**RECORDS PROVIDED:**
──────
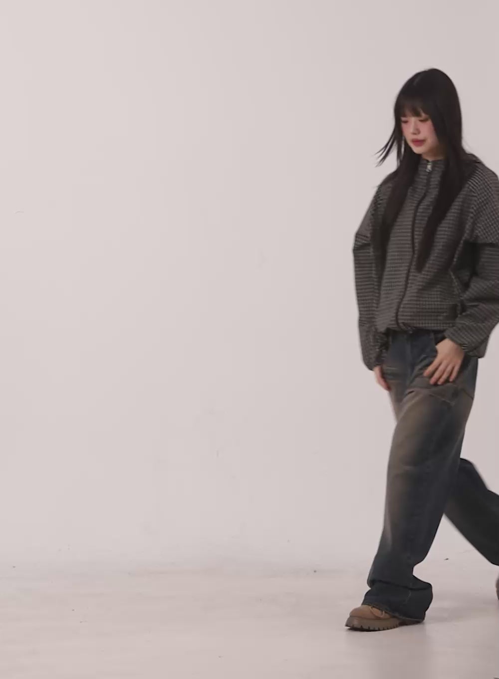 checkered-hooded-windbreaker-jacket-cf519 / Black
──────
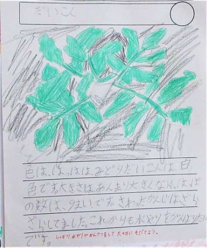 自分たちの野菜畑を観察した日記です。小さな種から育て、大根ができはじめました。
──────
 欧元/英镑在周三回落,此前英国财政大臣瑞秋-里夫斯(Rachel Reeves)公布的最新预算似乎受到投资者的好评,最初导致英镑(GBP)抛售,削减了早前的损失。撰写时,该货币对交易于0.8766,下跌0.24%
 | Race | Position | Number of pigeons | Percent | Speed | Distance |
──────
**EXERCISE REQUIREMENTS:** Among the entries above, the lines between the ones containing "欧元/英镑在周三回落,此前英" and "Speed | Distance |", inclusive, are to be transcribed exactly. No other line is to be given.

**RESPONSE TO THE TASK:**
 欧元/英镑在周三回落,此前英国财政大臣瑞秋-里夫斯(Rachel Reeves)公布的最新预算似乎受到投资者的好评,最初导致英镑(GBP)抛售,削减了早前的损失。撰写时,该货币对交易于0.8766,下跌0.24%
 | Race | Position | Number of pigeons | Percent | Speed | Distance |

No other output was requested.